I was extremely disappointed to see that no one from the Coeur d'Alene Police Department was at the January 17, 2006, Council Meeting to explain the value of home occupation permit applicant investigations in crime prevention. Other cities have acknowledged the contribution code enforcement, the enforcement of city ordinances, can make toward reducing community crime.

It was fascinating to read the council minutes linked above and to watch the meeting on CDA TV 19. Several council members felt that if no one complains, everything is just rosy. If they truly believe that a complaint-driven system is sufficient to ensure compliance with laws and ordinances, I'd suggest they consider reducing the size of the police department. Why bother having police officers initiate public contact? Why not keep them in the station until someone complains? That, of course, is an absurd proposition, but so is the City Council's myopic view of code enforcement.

It is astonishing to me that the City Council is so willing, even eager, to allow businesses to infiltrate residential neighborhoods without even so much as some sort of public hearing where applicant testimony is taken under oath and where neighbors have an opportunity to express support, opposition, or neutrality to the idea of a business operating next door. Our residential neighborhoods are zoned residential for good reasons. Our Council has lost sight of those reasons.
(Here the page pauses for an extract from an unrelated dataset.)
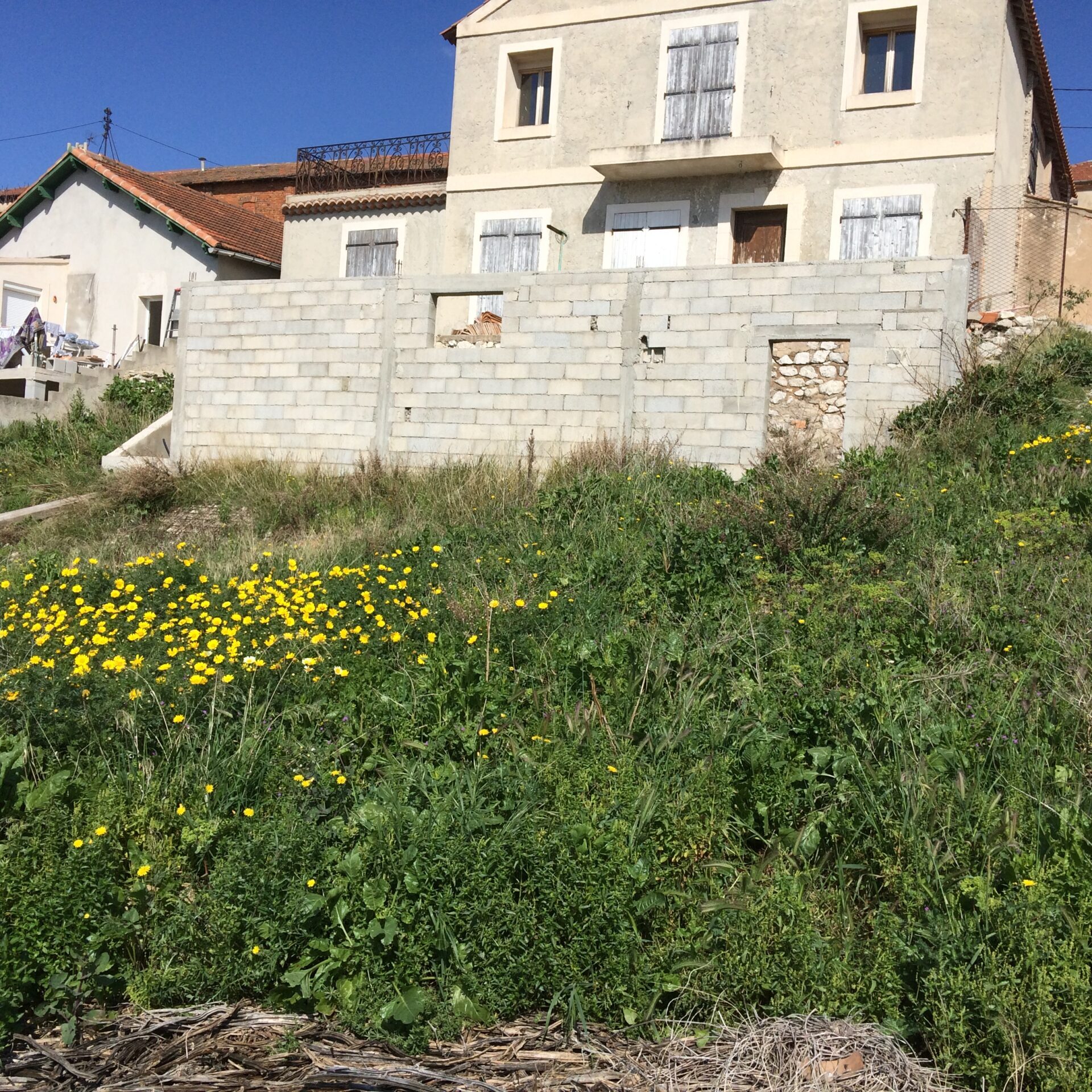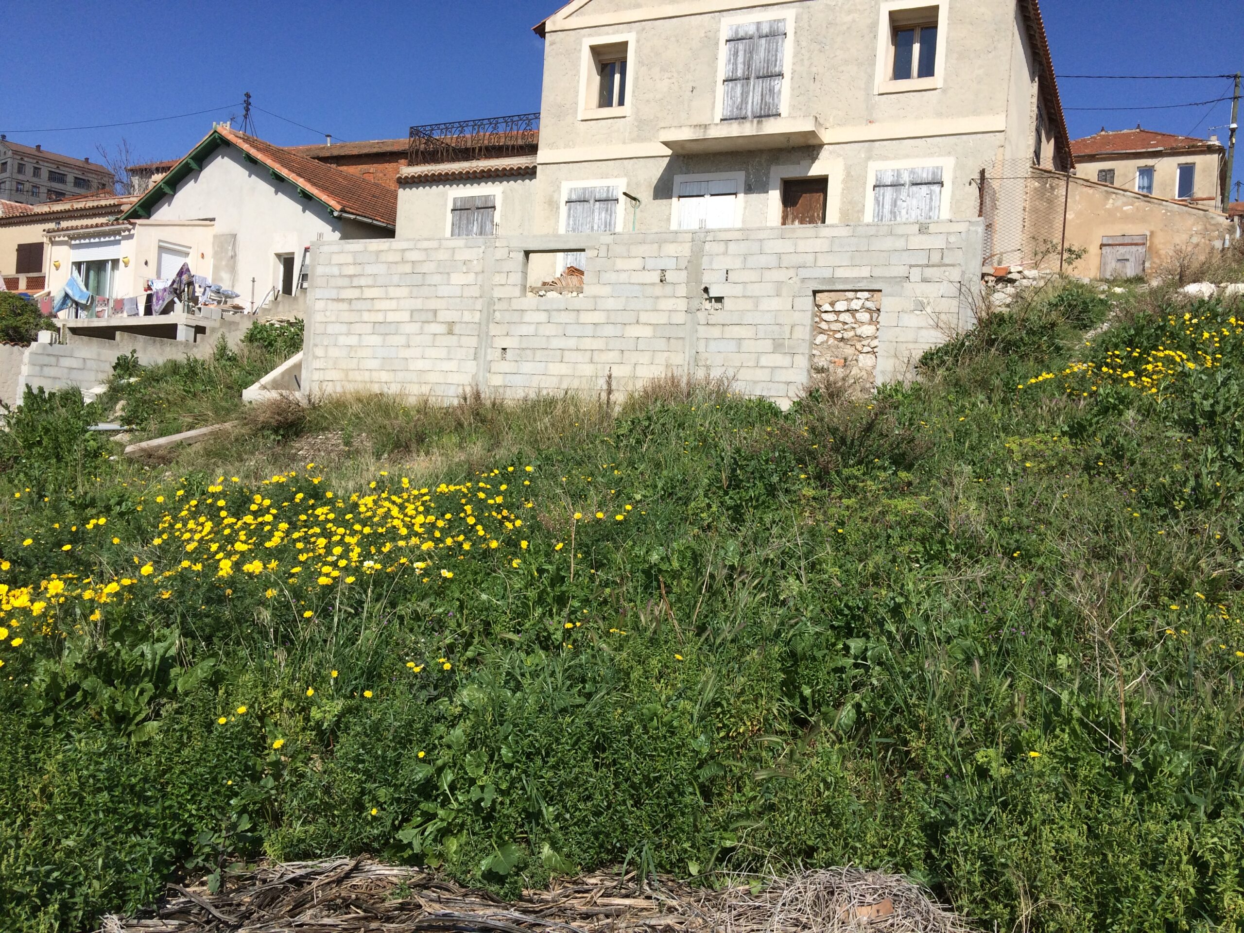 Une maison à l’Estaque, jadis une aumônerie, bénéficiant d’une vue panoramique sur la rade de Marseille, de Notre dame de la Garde à la cote bleue, sur un terrain en forte pente.

So I'd like to express my thanks to the Coeur d'Alene City Council. Its indifference toward enforcing city ordinances designed to protect our community has just saved me the annual license fee.


Blogger Dogwalkmusings said...

Good post, Bill. The attitude holds true on so much. The new contractors registration is a joke; so now you have to pay what - 20 bucks or so? No level of proficiency required. I know so many who have done remodeling and have been severely burned financially due to lack of requirements what's more oversight.

11:41 AM, February 26, 2006  
Anonymous Anonymous said...

I really like your bloggs. All I can say about this blogg is. Welcome to the good old boys club of Northern Idaho and the town of the walking dead. I don't know what it will take for the Citizens of Northern Idaho to wake up and see what is going on in their community. How they are being ripped off by those that are suppose to protect and serve them and then give special favors to those that are in the good old boys club. It is time for the voters of Northern Idaho to clean house and elect responsible and service minded people into office. Not those that are self serving. We also need to see that accountability laws are passed in regards to our public officials. Keep up the good work Bill.